Exercise prompt:
A faithful transcription of all the data, images excluded, is the required answer.

Data section:
......

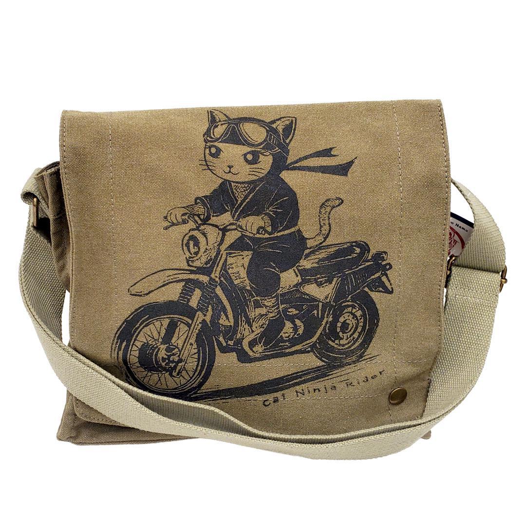 A roomy warm green canvas messenger bag with pockets a-plenty and a mischievous ninja kitty riding a motorcycle with "Cat Ninja Rider" screen printed in black ink on the flap.
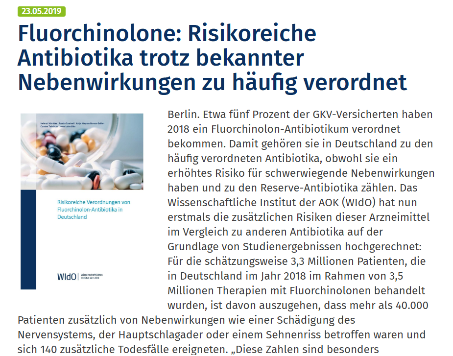 Der Bericht des Wissenschaftlichen Instituts der AOK (WIdO) untersucht die Verordnungspraxis von Fluorchinolon-Antibiotika in Deutschland und schätzt anhand vorhandener Studien ab, wie viele Patienten dadurch einem zusätzlichen Risiko für schwerwiegende Nebenwirkungen ausgesetzt sind. Fluorchinolone wurden 2018 trotz bekannter Risiken noch relativ häufig verordnet – etwa 3,3 Millionen Patient:innen erhielten sie, obwohl gut wirksame und risikoärmere Antibiotika verfügbar sind. Basierend auf epidemiologischen Hochrechnungen könnte dies zu mehr als 40.000 zusätzlichen Nebenwirkungen geführt haben, darunter vor allem neurologische Symptome, Sehnenrisse und Schädigungen der Hauptschlagader, sowie zu etwa 140 zusätzlichen Todesfällen, die durch andere Antibiotika hätten vermieden werden können. Die Analyse kritisiert, dass Fluorchinolone oft nicht als Reserve-Antibiotika, sondern auch bei leichteren Infektionen eingesetzt werden und fordert eine stärkere Berücksichtigung der Risiken durch Ärzt:innen, bessere Patientenaufklärung und mehr Verantwortung der pharmazeutischen Hersteller im Umgang mit bekannten Sicherheitsproblemen.
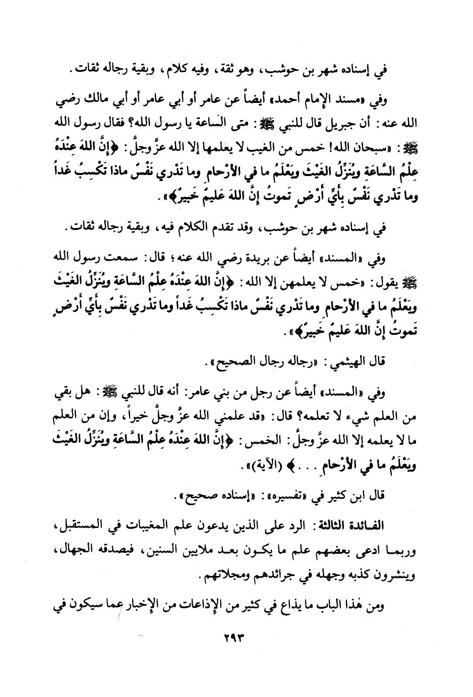 وفي "مسند الإمام أحمد " أيضا عن عامر أو أبي عامر أو أبي مالك رضي الله عنه: «أن جبريل قال للنبي صلى الله عليه وسلم: متى الساعة يا رسول الله؟ فقال رسول الله صلى الله عليه وسلم: "سبحان الله! خمس من الغيب لا يعلمها إلا الله عز وجل: {إِنَّ اللَّهَ عِنْدَهُ عِلْمُ السَّاعَةِ وَيُنَزِّلُ الْغَيْثَ وَيَعْلَمُ مَا فِي الْأَرْحَامِ وَمَا تَدْرِي نَفْسٌ مَاذَا تَكْسِبُ غَدًا وَمَا تَدْرِي نَفْسٌ بِأَيِّ أَرْضٍ تَمُوتُ إِنَّ اللَّهَ عَلِيمٌ خَبِيرٌ} » .

......

Answer space:
 A roomy warm green canvas messenger bag with pockets a-plenty and a mischievous ninja kitty riding a motorcycle with "Cat Ninja Rider" screen printed in black ink on the flap.
 Der Bericht des Wissenschaftlichen Instituts der AOK (WIdO) untersucht die Verordnungspraxis von Fluorchinolon-Antibiotika in Deutschland und schätzt anhand vorhandener Studien ab, wie viele Patienten dadurch einem zusätzlichen Risiko für schwerwiegende Nebenwirkungen ausgesetzt sind. Fluorchinolone wurden 2018 trotz bekannter Risiken noch relativ häufig verordnet – etwa 3,3 Millionen Patient:innen erhielten sie, obwohl gut wirksame und risikoärmere Antibiotika verfügbar sind. Basierend auf epidemiologischen Hochrechnungen könnte dies zu mehr als 40.000 zusätzlichen Nebenwirkungen geführt haben, darunter vor allem neurologische Symptome, Sehnenrisse und Schädigungen der Hauptschlagader, sowie zu etwa 140 zusätzlichen Todesfällen, die durch andere Antibiotika hätten vermieden werden können. Die Analyse kritisiert, dass Fluorchinolone oft nicht als Reserve-Antibiotika, sondern auch bei leichteren Infektionen eingesetzt werden und fordert eine stärkere Berücksichtigung der Risiken durch Ärzt:innen, bessere Patientenaufklärung und mehr Verantwortung der pharmazeutischen Hersteller im Umgang mit bekannten Sicherheitsproblemen.
 وفي "مسند الإمام أحمد " أيضا عن عامر أو أبي عامر أو أبي مالك رضي الله عنه: «أن جبريل قال للنبي صلى الله عليه وسلم: متى الساعة يا رسول الله؟ فقال رسول الله صلى الله عليه وسلم: "سبحان الله! خمس من الغيب لا يعلمها إلا الله عز وجل: {إِنَّ اللَّهَ عِنْدَهُ عِلْمُ السَّاعَةِ وَيُنَزِّلُ الْغَيْثَ وَيَعْلَمُ مَا فِي الْأَرْحَامِ وَمَا تَدْرِي نَفْسٌ مَاذَا تَكْسِبُ غَدًا وَمَا تَدْرِي نَفْسٌ بِأَيِّ أَرْضٍ تَمُوتُ إِنَّ اللَّهَ عَلِيمٌ خَبِيرٌ} » .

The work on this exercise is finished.